Segment Start: INPUT DATA
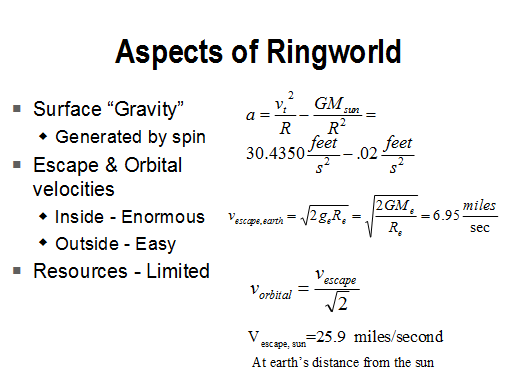 However, the cost of gaining standard gravity with rotation is that it's not easy to get off the Ring. Orbital velocity near earth's surface is only about 5 miles per second and escape velocity is only about 7 miles a second - velocities that can be achieved with chemical rockets. On Ringworld, however, any object lofted away from the surface must achieve a velocity of 740 miles/second in the right direction or the velocity it already has by being on the Ringworld will slam the object into the Ringworld's surface with great force. On the other hand, if there were an way to get to the outside of the Ring, simply letting go would give you enough velocity to escape the star's gravity entirely. For that matter, of course, even landing on the Ringworld would be tricky, since matching the surface's velocity would be required and that velocity is far above the natural velocity of an object orbiting the Ringworld's sun at the Ringworld's radius. In the novel, the heroes crash-land, but this is not recommended for anyone without an impervious stasis field. Catty Nebulart pointed out via email that escape from Ringworld (or landing on the outside of the Ring) can be thought about by considering escape from the Ring as transfer from an orbit that momentarily has a radial velocity of zero and a tangential velocity of 740 miles/second to a circular orbit that needs to have a tangential velocity of 18 miles per second (or the reverse process for landing on the outside of the Ring); the need to add or subtract a huge amount of velocity very quickly is obviously a huge challenge for conventional rockets.
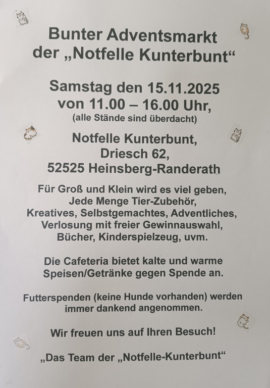 Adventsbasar/Weihnachtsmarkt/Kreativmarkt/Tierzubehörmarkt, Flohmarkt,Verlosung mit freier Gewinn-Auswahl, Cafeteria mit warmen und kalten Angeboten am 15.11.2025 beim Tier-Schutzhof/Gnadenhof "Notfelle Kunterbunt" in 52525 Heinsberg-Randerath, Driesch 62, von 11- 16 Uhr.
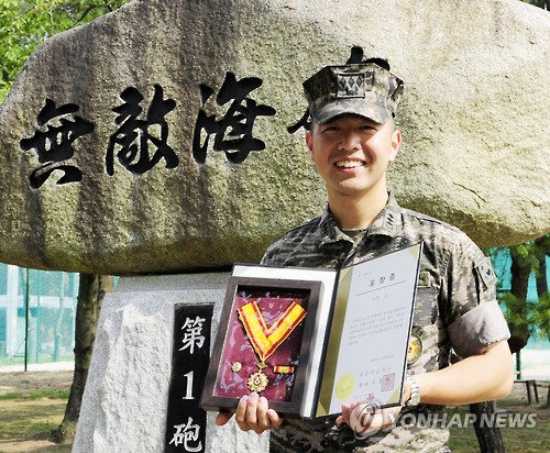 | △ '헌혈 105회' 해병대 박 준 대위 (포항=연합뉴스) 포항 해병대 1사단에 근무하는 박 준 대위가 100회가 넘는 헌혈과 꾸준한 봉사활동으로 이웃사랑을 실천해 화제가 되고 있다. 2015.7.15 << 해병대 1사단 >> shlim@yna.co.kr |
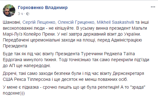 "Всему виной президент Мальты Мари-Луиз Колейро Преко. У нее завтра государственный визит в Украину. Предусмотрены церемониальные мероприятия на площади перед Администрацией Президента. Будет так как во время визита Президента Турции Реджепа Тайипа Эрдогана на прошлой неделе. Тогда точно так же перекрыли подъезды к АП еще накануне. Кстати, такие же меры безопасности были и во время визита госсекретаря США Рекса Тиллерсона и еще десятка не менее важных персон. У меня есть подсказка - срочно пишите что это была репетиция! А то "измена" подохнет", - сыронизировал Горковенко.
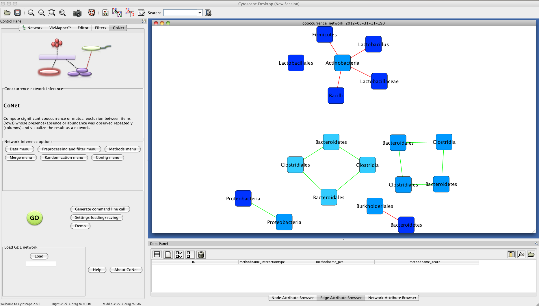 - Open the CoNet plugin in Cytoscape and open the Data menu
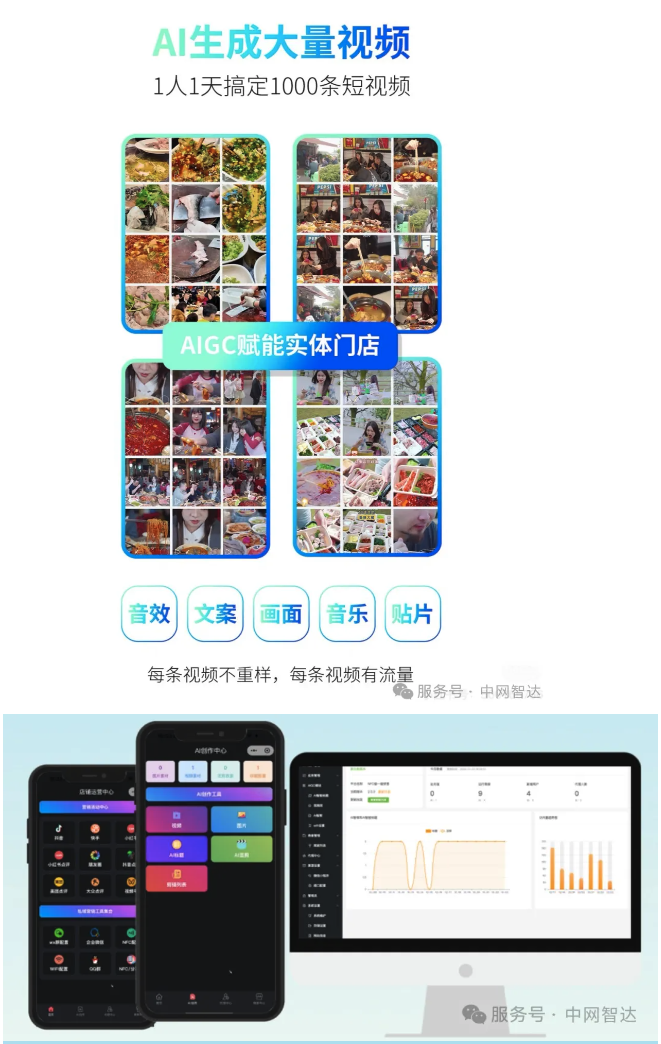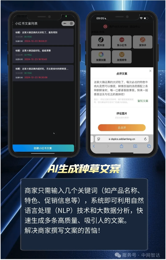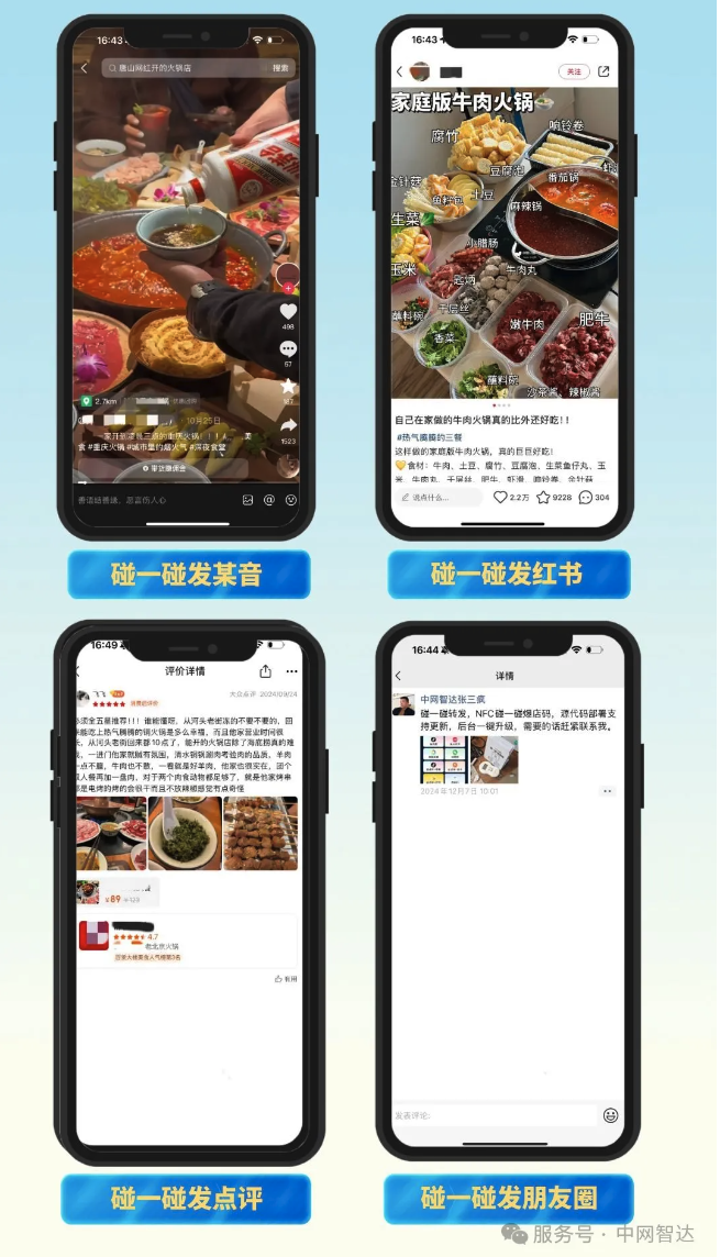 中网智达紧跟市场步伐,开发AI多渠道碰一碰营销系统,集成了先进的人工智能技术,自动生成精美的探店视频以及种草营销文案,只需用手机轻轻一碰,再点击一下,便可一键分享至抖音、小红书、微信等社交平台,也能一键连接wifi。帮助商家精准营销,实现流量裂变放大,持续性引流拓客;商家还可使用团购外卖小程序做流量承接,通过小程序营销功能实现私域营销。
Segment End: INPUT DATA
■ PROBLEM DETAILS: Please set down the data above exactly as given, leaving every picture out.

■ EXPECTED OUTPUT:
 However, the cost of gaining standard gravity with rotation is that it's not easy to get off the Ring. Orbital velocity near earth's surface is only about 5 miles per second and escape velocity is only about 7 miles a second - velocities that can be achieved with chemical rockets. On Ringworld, however, any object lofted away from the surface must achieve a velocity of 740 miles/second in the right direction or the velocity it already has by being on the Ringworld will slam the object into the Ringworld's surface with great force. On the other hand, if there were an way to get to the outside of the Ring, simply letting go would give you enough velocity to escape the star's gravity entirely. For that matter, of course, even landing on the Ringworld would be tricky, since matching the surface's velocity would be required and that velocity is far above the natural velocity of an object orbiting the Ringworld's sun at the Ringworld's radius. In the novel, the heroes crash-land, but this is not recommended for anyone without an impervious stasis field. Catty Nebulart pointed out via email that escape from Ringworld (or landing on the outside of the Ring) can be thought about by considering escape from the Ring as transfer from an orbit that momentarily has a radial velocity of zero and a tangential velocity of 740 miles/second to a circular orbit that needs to have a tangential velocity of 18 miles per second (or the reverse process for landing on the outside of the Ring); the need to add or subtract a huge amount of velocity very quickly is obviously a huge challenge for conventional rockets.
 Adventsbasar/Weihnachtsmarkt/Kreativmarkt/Tierzubehörmarkt, Flohmarkt,Verlosung mit freier Gewinn-Auswahl, Cafeteria mit warmen und kalten Angeboten am 15.11.2025 beim Tier-Schutzhof/Gnadenhof "Notfelle Kunterbunt" in 52525 Heinsberg-Randerath, Driesch 62, von 11- 16 Uhr.
 | △ '헌혈 105회' 해병대 박 준 대위 (포항=연합뉴스) 포항 해병대 1사단에 근무하는 박 준 대위가 100회가 넘는 헌혈과 꾸준한 봉사활동으로 이웃사랑을 실천해 화제가 되고 있다. 2015.7.15 << 해병대 1사단 >> shlim@yna.co.kr |
 "Всему виной президент Мальты Мари-Луиз Колейро Преко. У нее завтра государственный визит в Украину. Предусмотрены церемониальные мероприятия на площади перед Администрацией Президента. Будет так как во время визита Президента Турции Реджепа Тайипа Эрдогана на прошлой неделе. Тогда точно так же перекрыли подъезды к АП еще накануне. Кстати, такие же меры безопасности были и во время визита госсекретаря США Рекса Тиллерсона и еще десятка не менее важных персон. У меня есть подсказка - срочно пишите что это была репетиция! А то "измена" подохнет", - сыронизировал Горковенко.
 - Open the CoNet plugin in Cytoscape and open the Data menu
 中网智达紧跟市场步伐,开发AI多渠道碰一碰营销系统,集成了先进的人工智能技术,自动生成精美的探店视频以及种草营销文案,只需用手机轻轻一碰,再点击一下,便可一键分享至抖音、小红书、微信等社交平台,也能一键连接wifi。帮助商家精准营销,实现流量裂变放大,持续性引流拓客;商家还可使用团购外卖小程序做流量承接,通过小程序营销功能实现私域营销。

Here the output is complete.